(Material provided):
____________________
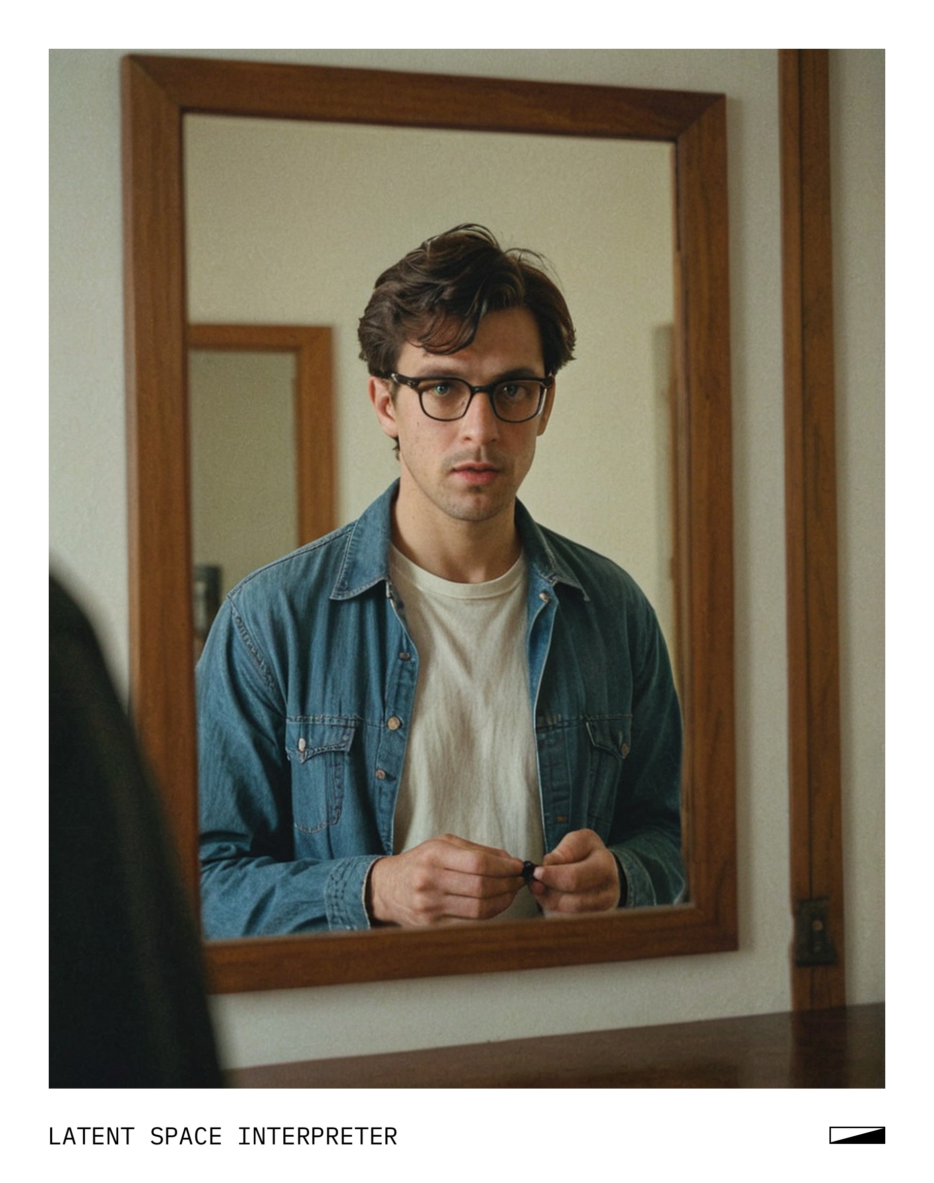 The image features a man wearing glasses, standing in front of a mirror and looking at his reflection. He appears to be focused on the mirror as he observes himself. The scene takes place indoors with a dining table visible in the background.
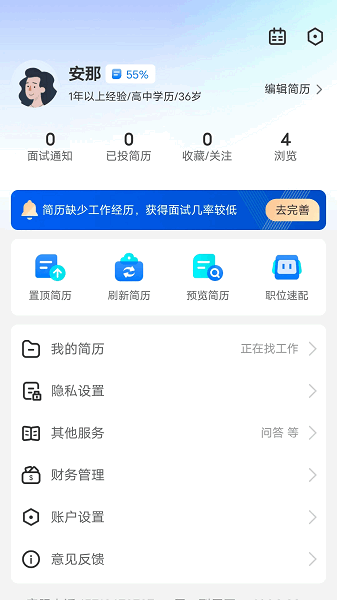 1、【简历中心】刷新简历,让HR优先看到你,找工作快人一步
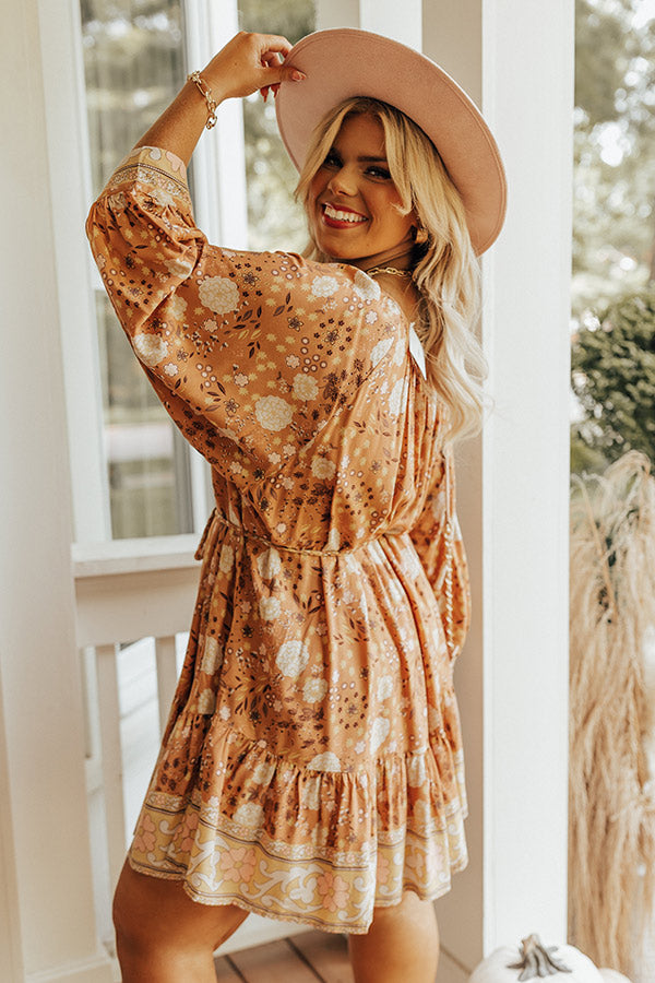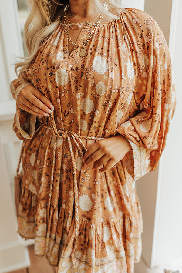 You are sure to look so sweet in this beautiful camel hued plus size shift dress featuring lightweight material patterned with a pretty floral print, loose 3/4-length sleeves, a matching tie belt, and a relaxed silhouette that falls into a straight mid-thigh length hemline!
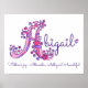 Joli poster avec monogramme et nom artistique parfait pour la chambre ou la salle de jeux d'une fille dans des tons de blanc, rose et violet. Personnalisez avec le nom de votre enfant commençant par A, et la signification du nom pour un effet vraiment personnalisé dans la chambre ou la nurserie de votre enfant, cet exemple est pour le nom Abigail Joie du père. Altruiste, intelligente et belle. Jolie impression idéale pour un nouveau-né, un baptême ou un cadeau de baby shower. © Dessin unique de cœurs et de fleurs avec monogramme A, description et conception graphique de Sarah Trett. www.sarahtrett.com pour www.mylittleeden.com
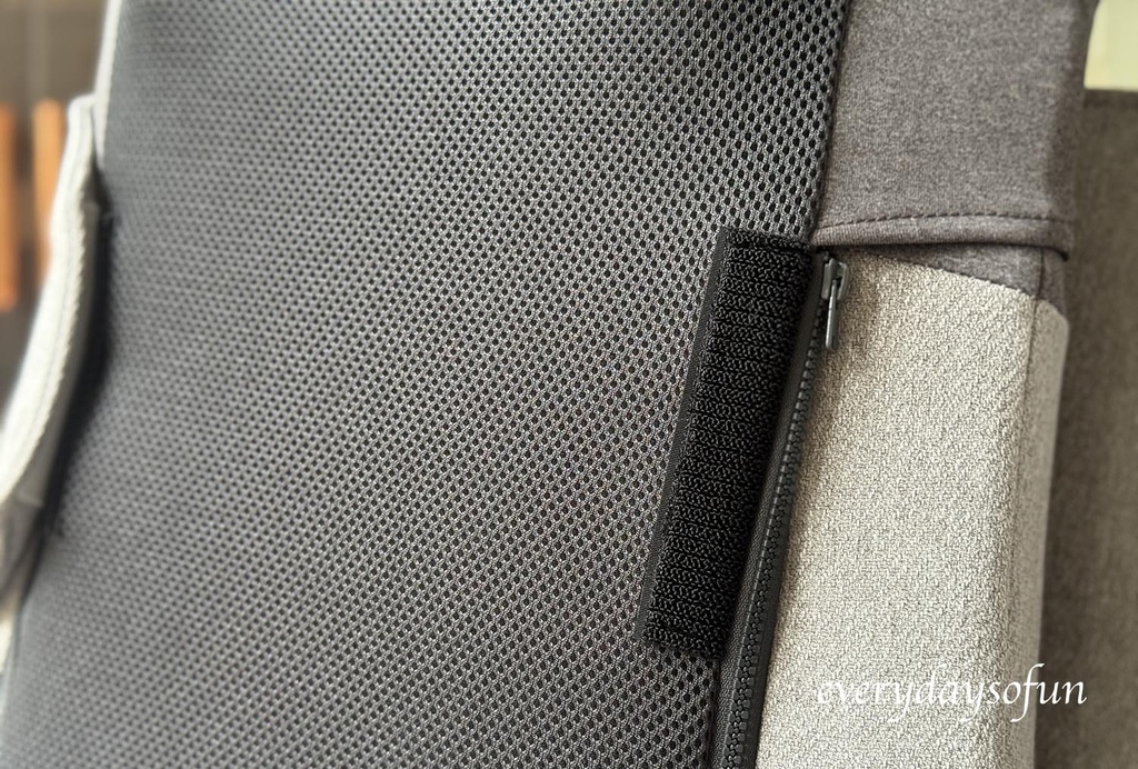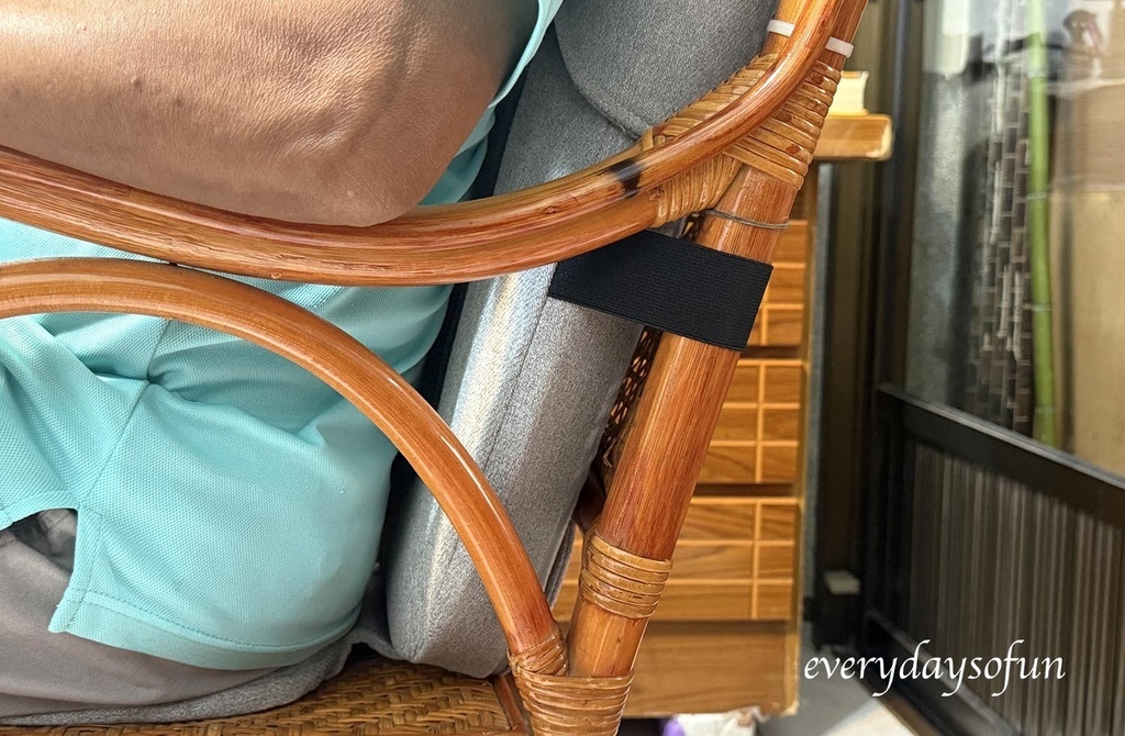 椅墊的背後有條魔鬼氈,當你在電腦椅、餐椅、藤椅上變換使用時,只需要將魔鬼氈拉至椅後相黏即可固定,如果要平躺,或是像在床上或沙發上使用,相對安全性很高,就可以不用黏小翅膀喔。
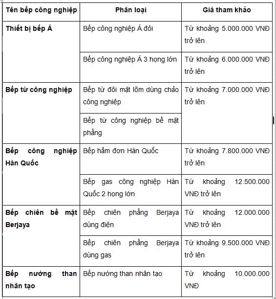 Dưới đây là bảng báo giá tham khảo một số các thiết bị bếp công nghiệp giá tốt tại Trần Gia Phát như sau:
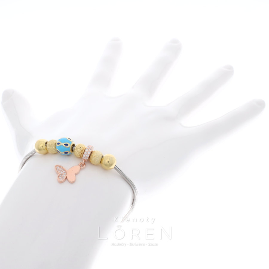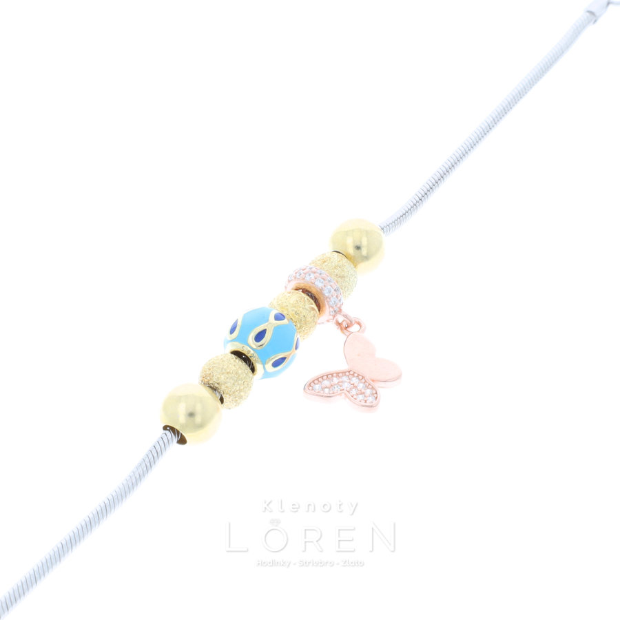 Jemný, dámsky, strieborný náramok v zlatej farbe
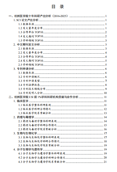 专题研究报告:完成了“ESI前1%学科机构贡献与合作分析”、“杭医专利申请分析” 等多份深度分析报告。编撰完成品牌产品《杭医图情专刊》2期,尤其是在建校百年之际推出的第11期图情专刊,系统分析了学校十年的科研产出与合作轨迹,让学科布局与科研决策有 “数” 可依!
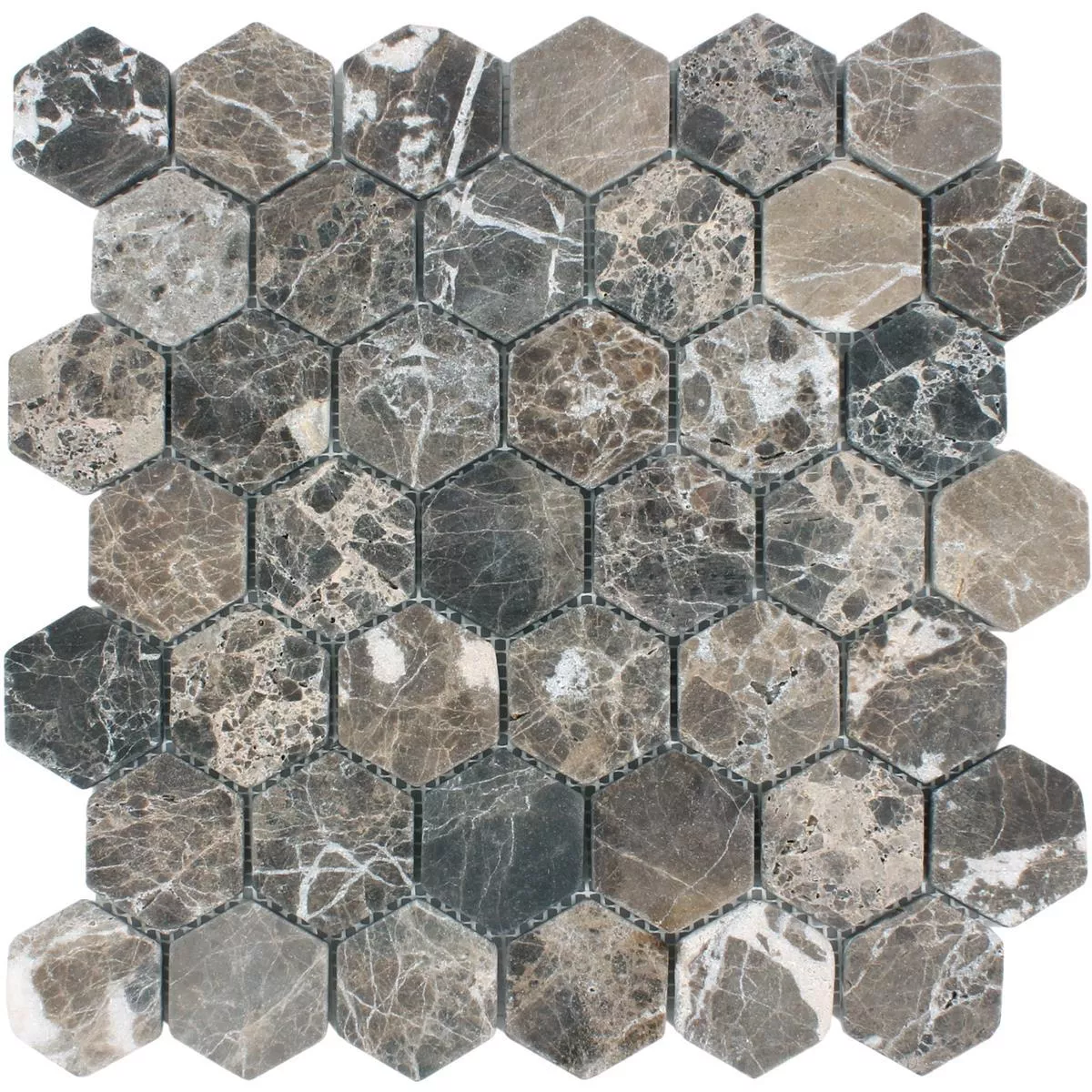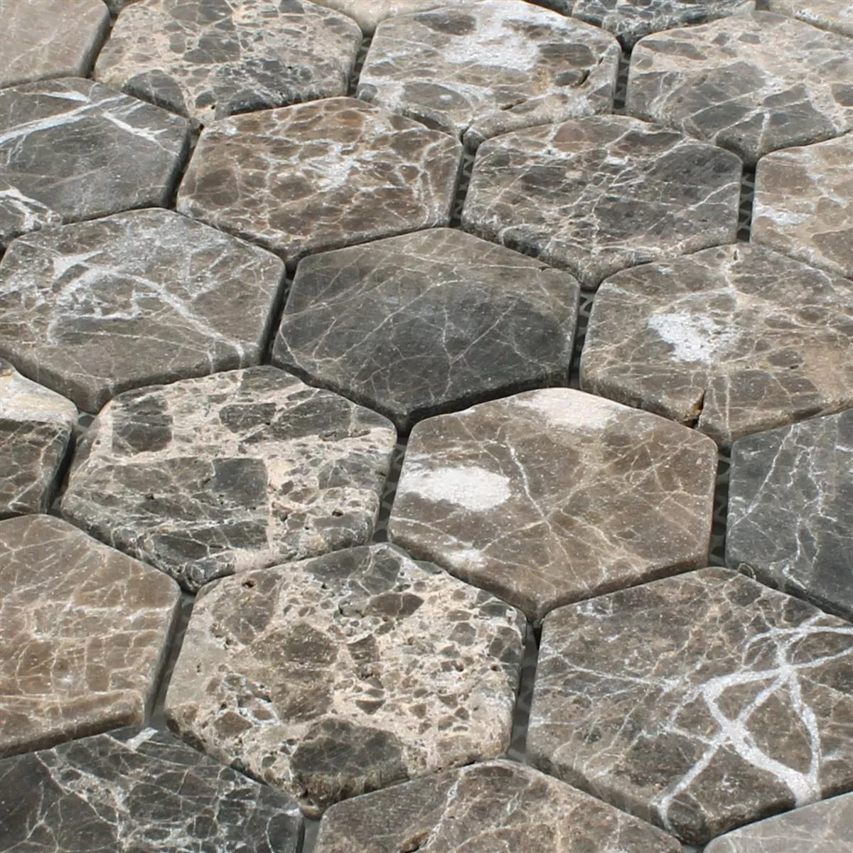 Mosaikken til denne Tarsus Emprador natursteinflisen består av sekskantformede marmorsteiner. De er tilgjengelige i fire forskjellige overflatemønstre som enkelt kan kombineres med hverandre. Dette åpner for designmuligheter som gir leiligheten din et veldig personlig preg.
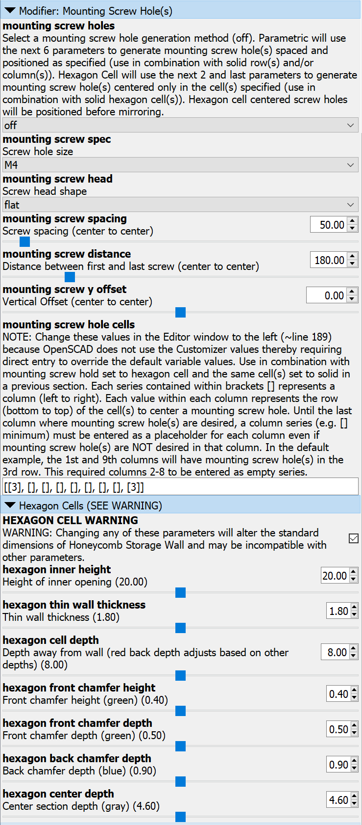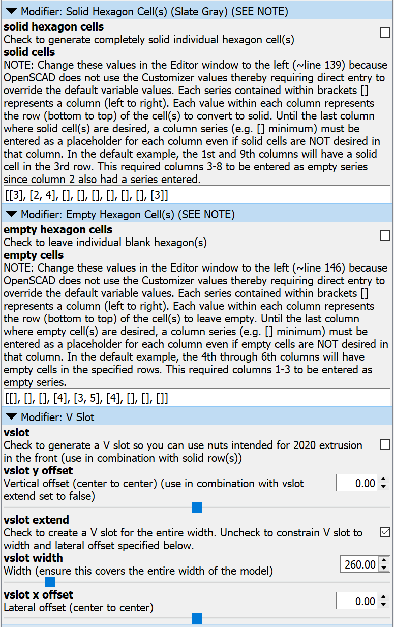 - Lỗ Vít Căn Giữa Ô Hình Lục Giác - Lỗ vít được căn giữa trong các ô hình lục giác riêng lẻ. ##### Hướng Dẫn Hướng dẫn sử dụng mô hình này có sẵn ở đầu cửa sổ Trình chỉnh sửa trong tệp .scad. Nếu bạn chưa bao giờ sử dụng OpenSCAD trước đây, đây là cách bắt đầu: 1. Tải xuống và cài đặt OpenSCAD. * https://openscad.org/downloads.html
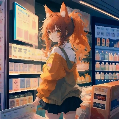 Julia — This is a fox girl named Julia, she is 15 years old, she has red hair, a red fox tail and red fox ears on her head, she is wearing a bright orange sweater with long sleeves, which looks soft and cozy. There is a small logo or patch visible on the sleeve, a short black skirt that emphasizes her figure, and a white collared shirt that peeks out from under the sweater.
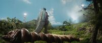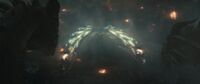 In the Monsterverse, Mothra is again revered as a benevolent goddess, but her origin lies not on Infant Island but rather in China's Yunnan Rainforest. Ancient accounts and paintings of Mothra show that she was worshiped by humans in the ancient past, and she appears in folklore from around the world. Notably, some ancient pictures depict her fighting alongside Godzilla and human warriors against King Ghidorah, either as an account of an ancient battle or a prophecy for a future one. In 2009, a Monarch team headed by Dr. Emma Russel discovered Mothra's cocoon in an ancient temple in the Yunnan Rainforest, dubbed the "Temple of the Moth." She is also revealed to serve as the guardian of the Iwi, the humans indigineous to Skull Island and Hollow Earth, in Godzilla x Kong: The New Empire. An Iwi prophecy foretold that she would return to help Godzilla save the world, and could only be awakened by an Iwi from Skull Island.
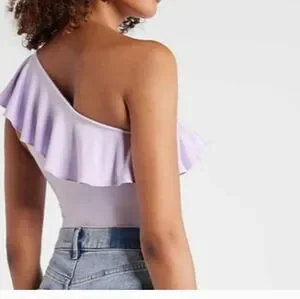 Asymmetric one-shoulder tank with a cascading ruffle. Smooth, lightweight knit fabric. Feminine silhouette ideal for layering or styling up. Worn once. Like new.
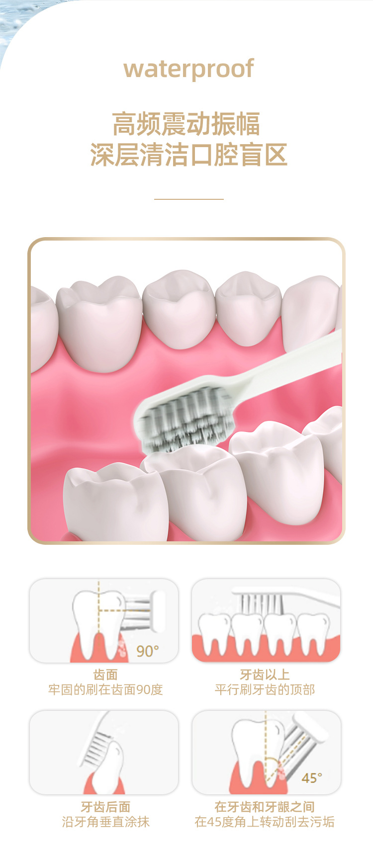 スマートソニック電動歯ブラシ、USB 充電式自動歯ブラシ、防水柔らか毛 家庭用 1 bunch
____________________
(Task to carry out): All that is needed is the exact run of lines from the start of the material above through the one containing "You are sure", pictures left out.

(Result for this exercise):
 The image features a man wearing glasses, standing in front of a mirror and looking at his reflection. He appears to be focused on the mirror as he observes himself. The scene takes place indoors with a dining table visible in the background.
 1、【简历中心】刷新简历,让HR优先看到你,找工作快人一步
 You are sure to look so sweet in this beautiful camel hued plus size shift dress featuring lightweight material patterned with a pretty floral print, loose 3/4-length sleeves, a matching tie belt, and a relaxed silhouette that falls into a straight mid-thigh length hemline!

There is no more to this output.